The nervous shuffling of feet shifting to my right has me glancing back to send a fleeting glare of annoyance at whoever was causing so much noise. Quickly shaking the can, I got back to work, the tip of my index finger that was pressed against the nozzle had lost all feeling and I half expected it to fall off from frostbite.

"Gwen, they're getting closer!" someone hisses and the feet in my peripheral vision disappear. The hand holding the cloth of my jumper to my nose tightens as I apply more pressure and make rapid motions with my hand in a bid to finish my master peace.

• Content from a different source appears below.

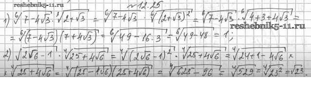 Готовая домашняя работа с ответами по Алгебре за 10 класс Мерзляк, Номировский, Поляков Учебник Алгоритм успеха Углубленный уровень Вентана-граф 2019 ФГОС - §12. Свойства корня n-й степени 12.25
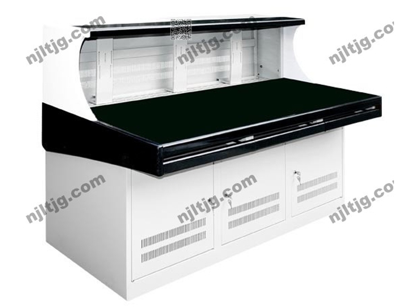 有利于操作员在长时间目视画面时眼睛不疲劳;适合操作员在坐姿操作时双腿能伸入台面下部且不会因为碰到柜体而伤到腿;主框架选用优质冷轧钢板,扶手及侧邦可选中密度板自然木或金属漆饰面,色彩丰富,创先的设计,的功能,使用户在使用时更加方便。

Ever noticed how every little thing distracts you when you're trying to do something. Take right now for instance, the cold wind against my exposed fingers, the scratchy feeling of the loose wool from my jumper scratching against my top lip. But above all, it had to be the heavy breathing of the person behind me, completely taking my focus, just like the damn Internet button. Yeah, you all know what I'm talking about. We've all been there while trying to do our homework, 'turn the Internet off' trick. Does it work? Like hell, does it! I always fool myself into thinking I need the Internet to do the bloody homework! But as soon as you connect and that sucker called Wi-Fi is back on...you're boomed because Facebook just happens to pop up- miraculously without you clicking it. Next thing you know, you're spending the next five hours talking to your friends or watching funny dog videos.

It's quite sad, really.

When the high screeching sounds of sirens pierces through the night air, my right eye twitches as I drop the empty can into the open backpack by my side.

"Okay, I'm done." I state in a whisper as I rapidly begin filling the rucksack with empty cans that had been tossed to the side without a thought of who would have the task of cleaning it up later. I hurry up the pace when another siren sounds, closer than the one before.